Is it somehow a "better" reverb than the digital engine used in the Holy Grail and others? I don't think it could be. Reverb is complex enough that *any* set of algorithms is bound to leave some folks wanting even while it's as glorious as warm chocolate pudding to others.


----------



## gtrguy (Jul 6, 2006)

GONE


----------



## mhammer (Nov 30, 2007)

My mistake. I know the Fab Echo uses a Princeton Technologies PT2399 digital chip (easily modded to produce as much as 350msec delay time rather than the single stock delay time), but was under the (obviously mistaken) impression that the first of the Danelectro pedals (in the heavy cast chassis) used a standard MN3205 BBD chip. As this picture illustrates - http://www.e-basteln.de/harp/Images/large_disassembly.jpg - the basis of the pedal is a 40-pin chip, which I take to be the PT2395, a digital delay chip, and a decent one. The pins for an 18-pin chip right beside it is undoubtedly the 256K DRAM chip needed by the PT2395 to provide 800ms of delay.

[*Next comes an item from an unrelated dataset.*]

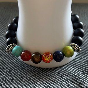 Handcrafted Grade A 10mm Chakra and Black Matte Onyx Gemstone Stretch Bracelet
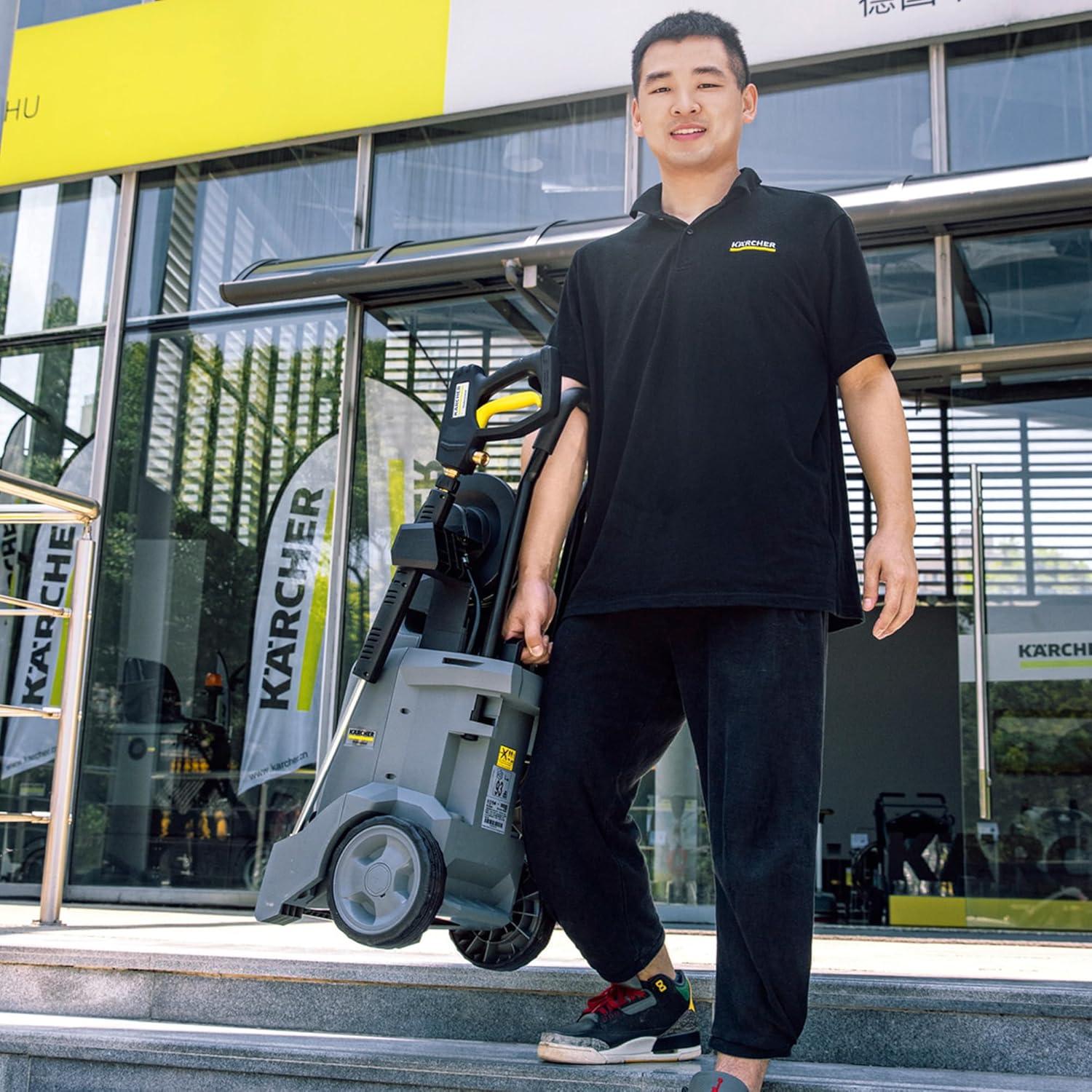 Ergonomic, mobile, powerful and compact: The HD 4/8 X Classic pressure washer impresses with its durable and reliable components such as the 3-piston axial pump and an induction motor, as well as its compact and robust design. The automatic pressure relief system effectively protects the hydraulic components, ensuring a long lifetime with very low repair and maintenance costs. The reduced trigger pull on the gun allows for long, fatigue-free periods of work. The ergonomic and user-friendly HD 4/8 X Classic is extremely easy to use and, thanks to its integrated hose reel and retractable pull handle, ensures a high degree of user comfort. With a working pressure of 1150 PSI, a water volume of 1.7 GPM, and stable wheels for easy transportation and high mobility at the site of use, the HD 4/8 X Classic high pressure cleaner is suitable for diverse applications, such as in the building industry, construction, or occasional vehicle cleaning.

Though opinions vary about how effectively a digital delay can match the quality of an all-analog, my sense is that with the right filtering, it can do a helluva decent job. In his effects pedal book, Dave Hunter interviews Roger Mayer, and Mayer makes some interesting observations about digital delays. What he suggests is that the real differences between analog and digital occur during the note decay. While the signal amplitude is high, it is encoded by more bits, where once the note tapers off, there are fewer bits to encode it and you start to creep into quantization error with the last wisps of the delayed signal. Some folks would argue with that, though I would not classify myself as someone who knows enough about the state-of-the-art in a/d conversion to be able to argue staunchly one way or the other. Certainly 10 years ago, he probably would have been correct. Whether his concerns matter any more is something I'll leave to the experts.

But yes, you were absolutely correct.


----------